Records from a data collection
_ _ _ _ _
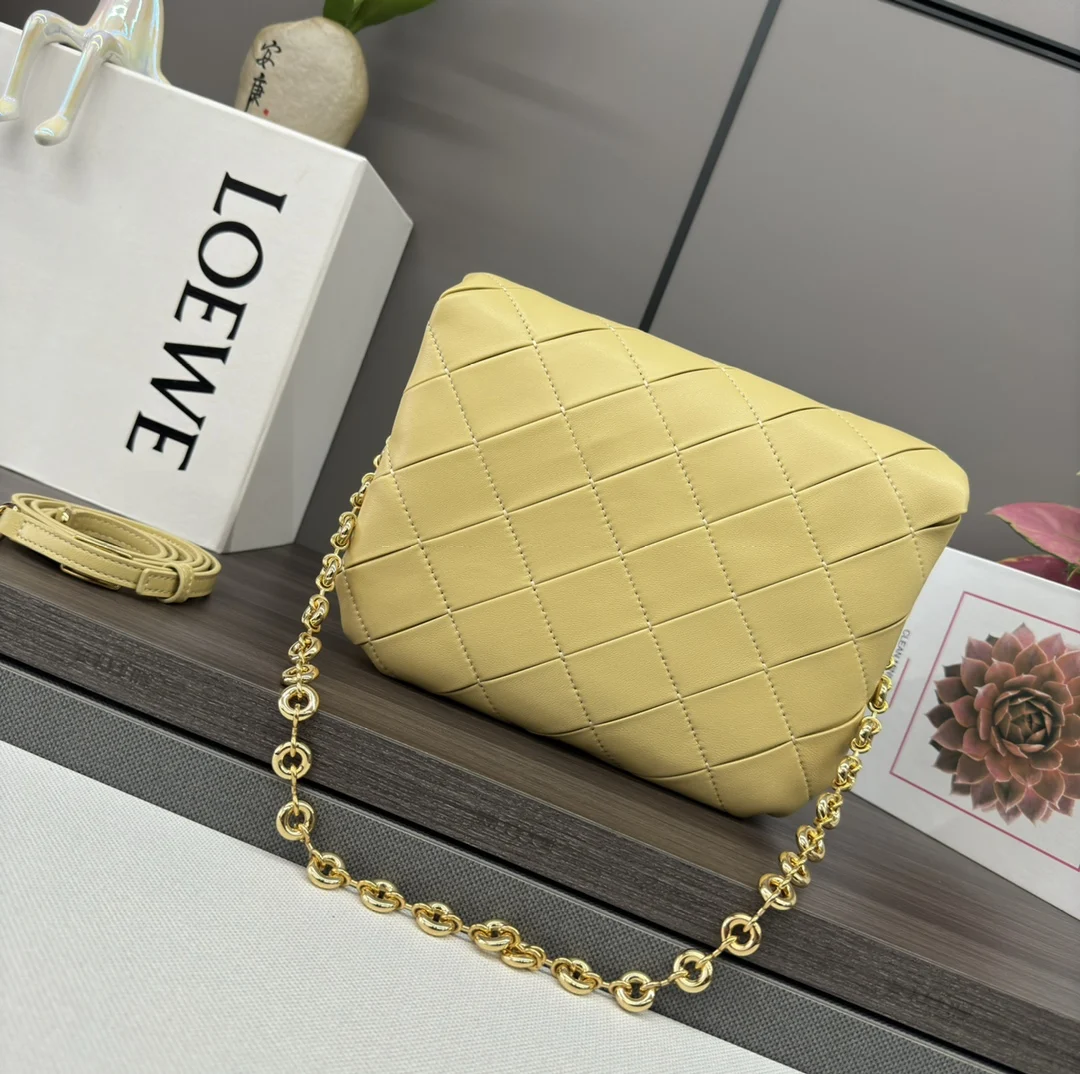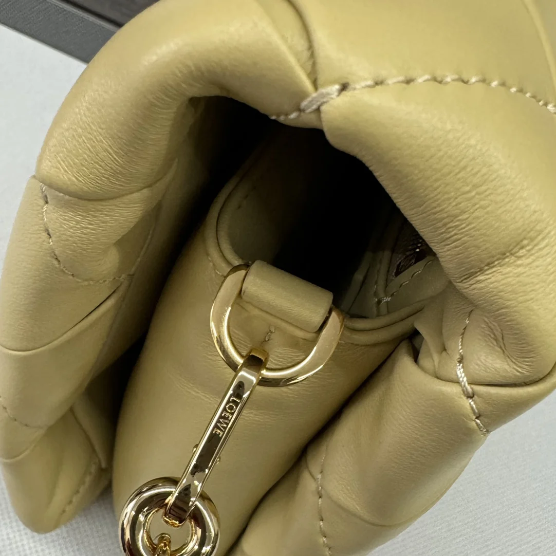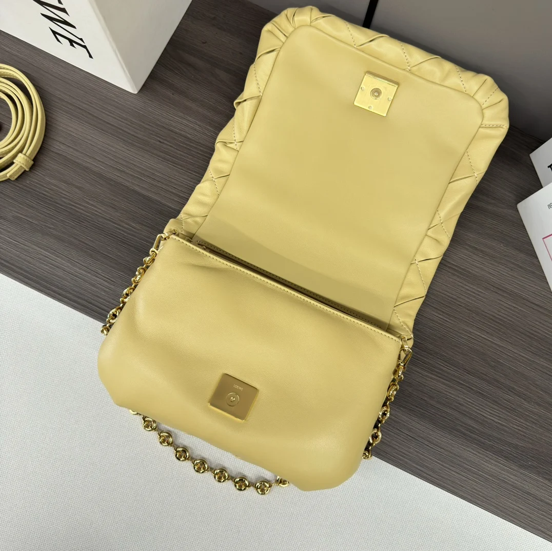 LO w 复褶闪亮纳帕羊皮革 Puffer Goya 手袋 受到了 Goya 美学的启发 通过带有鹅毛衬垫的闪亮纳帕羊皮革 带来了全新的感官和触觉维度 配有可拆卸且可调节的金属甜甜圈链条和一条可拆卸皮革带子 这个版本采用褶皱羊皮革 经过裁剪 缝制和手工编织制成 肩背或手拿*磁扣*这款手袋配有一根可拆卸链条和一根皮革带子一个主要隔层 一个拉链口袋和一个插袋 *纳帕羊皮革衬里型号 062466Size:23*9*17cm
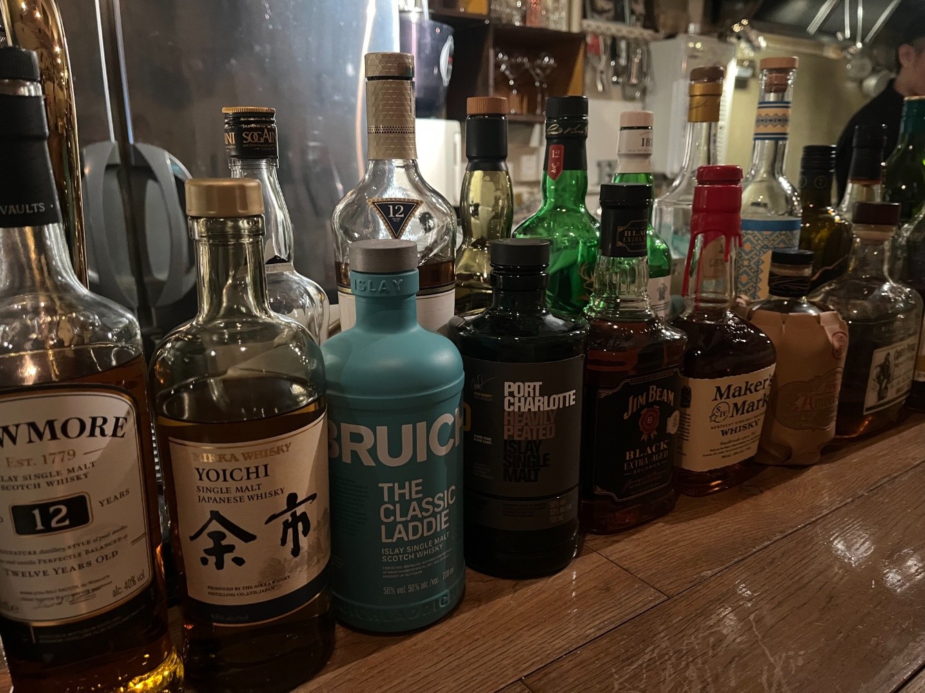 ゆったりと静かなBGMが流れる店内はカウンター席のみ。老若男女問わず1人でも気楽に訪れられそうな雰囲気で、実際に90代の常連さんもいらっしゃるそう。目の前にずらりと並んだお酒や、黒板に書かれたおすすめメニューを見て早くも気持ちが高まってきます。
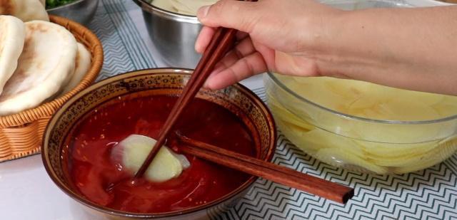 土豆片往辣椒酱里一蘸,火红火红的,看着都觉得辣,不过陕西人最爱吃的就是辣。越辣越喜欢,越辣越过瘾。
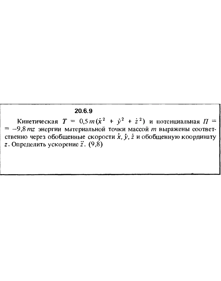 20.6.9. Кинетическая Т = 0,5m(х2 + у2 + z2) и потенциальная П = -9,8mz энергии материальной точки массой m выражены соответственно через обобщенные скорости х, у, z и обобщенную координату z. Определить ускорение z.
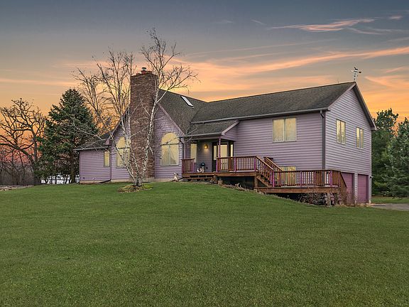 Equestrian Paradise on Nearly 18 Acres! This stunning 3-bedroom, 2.5-bath home sits on nearly 18 acres and is a dream property for horse enthusiasts. Featuring a 22-stalls ( rubber matted )-, a 60' x 120' indoor arena, an outdoor arena, separate electric to all stalls, numerous pastures and run-outs, and perimeter riding along the owners fence line. This estate offers everything needed for top-tier equestrian living. Additional features of the main barn include a tack room, heated office, bathroom and heated gathering area. Attached to the barn is extra storage for equipment and farm tools. A small separate hay barn and a storage container that can be used for shavings. An additional 40'x70' outbuilding included. The charming house with modern comforts features a main-floor primary suite with an ensuite bath, complete with a jacuzzi tub. A spacious living room with a wood-burning fireplace flows into the open-concept kitchen and dining area. The main floor also includes a half bath, laundry room, and access to the oversized 2.5-car garage with double doors. Enjoy breathtaking views from the enclosed porch, overlooking the back pastures and riding trails. A separate deck with a hot tub provides the perfect spot for relaxation. Upstairs, you'll find two additional bedrooms and a full bath. The unfinished walkout basement is a blank slate, ready for your custom design, with roughed-in plumbing and slider doors leading to a patio-ideal for family gatherings. Nestled in a serene yet convenient location, this property is close to downtown Sycamore, Genoa, Elburn, Geneva, and St. Charles, offering easy access to shopping, dining, and major amenities. Don't miss this rare opportunity to own a breathtaking horse property with endless potential.
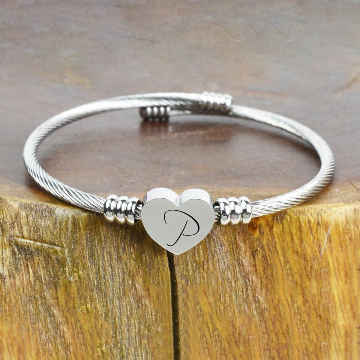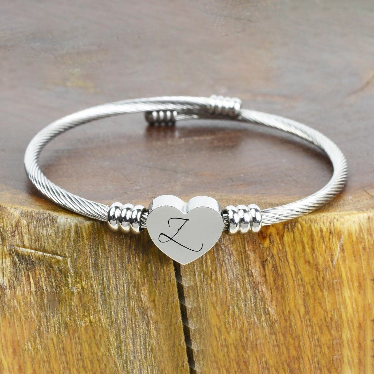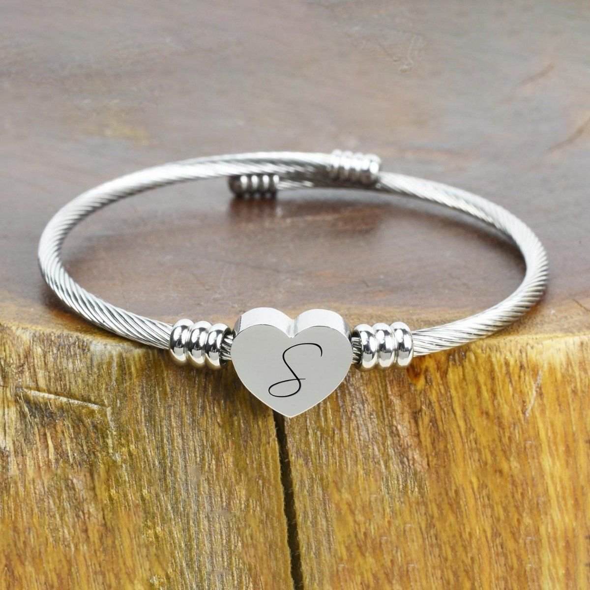 This bangle bracelet featuring a heart-shaped charm has a high polish finish and is adjustable for a comfort fit.
_ _ _ _ _
_PROBLEM STATEMENT_
Your output is the lines from the top of the entries through the line containing "土豆片往辣椒酱里一蘸,火红火", exactly as they stand. No pictures belong in it.

_RESULT BELOW_
 LO w 复褶闪亮纳帕羊皮革 Puffer Goya 手袋 受到了 Goya 美学的启发 通过带有鹅毛衬垫的闪亮纳帕羊皮革 带来了全新的感官和触觉维度 配有可拆卸且可调节的金属甜甜圈链条和一条可拆卸皮革带子 这个版本采用褶皱羊皮革 经过裁剪 缝制和手工编织制成 肩背或手拿*磁扣*这款手袋配有一根可拆卸链条和一根皮革带子一个主要隔层 一个拉链口袋和一个插袋 *纳帕羊皮革衬里型号 062466Size:23*9*17cm
 ゆったりと静かなBGMが流れる店内はカウンター席のみ。老若男女問わず1人でも気楽に訪れられそうな雰囲気で、実際に90代の常連さんもいらっしゃるそう。目の前にずらりと並んだお酒や、黒板に書かれたおすすめメニューを見て早くも気持ちが高まってきます。
 土豆片往辣椒酱里一蘸,火红火红的,看着都觉得辣,不过陕西人最爱吃的就是辣。越辣越喜欢,越辣越过瘾。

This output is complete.